Department of Pathobiology, Faculty of Veterinary Medicine, Utrecht University, Yalelaan 1, P.O. Box 80.158, 3508 TD Utrecht, The Netherlands.
Veterinary Microbiology (Impact Factor: 2.51). 04/2008; 127(3-4):412-6. DOI: 10.1016/j.vetmic.2007.08.035
Source: PubMed

ABSTRACT

Clostridium perfringens which is a causative agent of several diseases in animals and humans is capable of producing a variety of toxins. Isolates are typed into five types on the basis of the presence of one or more of the four major toxins genes, i.e. cpa, cpb, etx, and iap. A decade ago another toxin termed beta2 (beta2) and its gene (cpb2) were identified. Two alleles of cpb2 are known and a possible link between differences in gene expression and allelic variation has been reported. A correlation between the level of expression and the origin of the isolates has also been suggested.
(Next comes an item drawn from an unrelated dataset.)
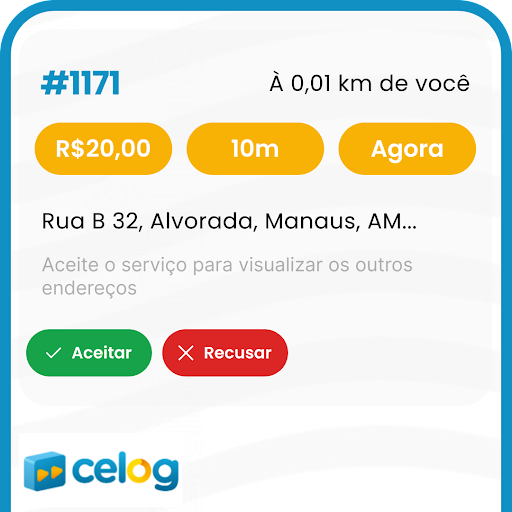 Celog – Profissional Aplicativo destinado à profissionais que prestam serviços de entrega. Este aplicativo precisa capturar sua localização em segundo plano; para que você seja localizado pelo sistema quando houver serviços próximo de você.
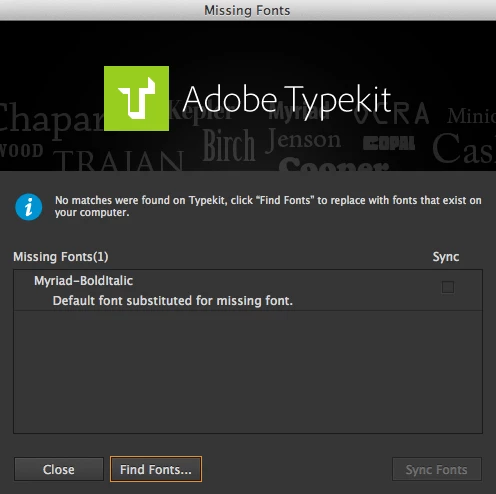 I have many templates for my work with typeset in Myriad, not MyriadPro. When I run CS6, everything works fine. Then I run the same file in CC and I get a missing font message from TypeKit and my font is gone. See attached screenshots. Please, I really need help solving this issue, otherwise I have no reason to have CC.

The demonstration and typing of the cpb2 gene in the genome of isolates can be seen as a vital part of research on the role of the beta2 toxin in the pathogenesis of disease. This study describes a PCR with a single primer set which in contrast to published primer sets recognizes both alleles. Subsequent restriction enzyme analysis of the PCR product enables typing of the alleles. Applying this protocol on a total of 102 isolates, a sub-variant was found which occurred only in C. perfringens isolates from pigs and appeared to be the predominant variant found in C. perfringens isolates from this species.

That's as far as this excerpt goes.